Second, the current bull market has experienced no price/earnings ratio expansion -- unlike every other bull market in the past five decades. In effect, this bull market is not characterized by speculation; rather, its expansion has been restrained compared with earnings growth and the trend of inflation and bond interest rates.

Re: CRASH ALERT! ECB Lending Rates Rise, Libor Surges!

Unread postPosted: Thu 09 Aug 2007, 15:20:03
by firestarter
Send Leon over to Dutch Uncle Mish for the counseling he'll soon be seeking:

Mish wonders where all the cash went

Re: CRASH ALERT! ECB Lending Rates Rise, Libor Surges!

Unread postPosted: Thu 09 Aug 2007, 15:20:18
by Eli
Well that is a side step of the question, not really an answer but not taking the question head on is more telling than that Permabull article.

The ECB deal is unprecedented. It is bad all around first how it was done, they made the move quickly like they had to cover a Bank or things would have come a part. Second it shows that not only is this mess not contained but that Europe has got it just as bad as the US.

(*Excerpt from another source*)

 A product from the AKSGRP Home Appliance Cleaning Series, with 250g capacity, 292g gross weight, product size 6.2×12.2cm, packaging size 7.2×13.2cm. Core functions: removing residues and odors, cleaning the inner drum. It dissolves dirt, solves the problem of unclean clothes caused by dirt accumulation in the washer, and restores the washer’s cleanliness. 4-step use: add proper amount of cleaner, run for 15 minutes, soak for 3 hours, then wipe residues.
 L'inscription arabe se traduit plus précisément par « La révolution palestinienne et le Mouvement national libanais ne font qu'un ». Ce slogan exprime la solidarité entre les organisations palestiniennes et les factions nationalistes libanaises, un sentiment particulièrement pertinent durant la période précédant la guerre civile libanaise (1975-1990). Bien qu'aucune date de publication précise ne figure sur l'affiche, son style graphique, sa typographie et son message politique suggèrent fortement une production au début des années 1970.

No one has a clue how bad this thing is, but everyday the bodies of dead hedgefunds and mortgage lenders stack up. People leveraged cheap money at a 10 to one ratio on deals that are toilet paper. Right now the name of the game is to say everything is fine then declare Bk the following week.

Re: CRASH ALERT! ECB Lending Rates Rise, Libor Surges!

Unread postPosted: Thu 09 Aug 2007, 15:41:51
by firestarter
Dow down 312 and falling like a rock.

Re: CRASH ALERT! ECB Lending Rates Rise, Libor Surges!

Unread postPosted: Thu 09 Aug 2007, 16:18:09
by Twilight
Eli wrote:Yeah, this is a melt down but I will not be surprised if we end the day higher.

This is market is only going to go down kicking and screaming.

I agree we will see sharp moves up too, but then this is a rocky landscape, lots of shaking and rapid little impacts break bones as well as large decisive ones. The system may be reduced to a jellyfish over a protracted period before it finally drops and goes splat.

Re: CRASH ALERT! ECB Lending Rates Rise, Libor Surges!

Unread postPosted: Thu 09 Aug 2007, 16:41:28
by firestarter
All major indexes down. Dow down 384.

Anyone want to go long into the weekend?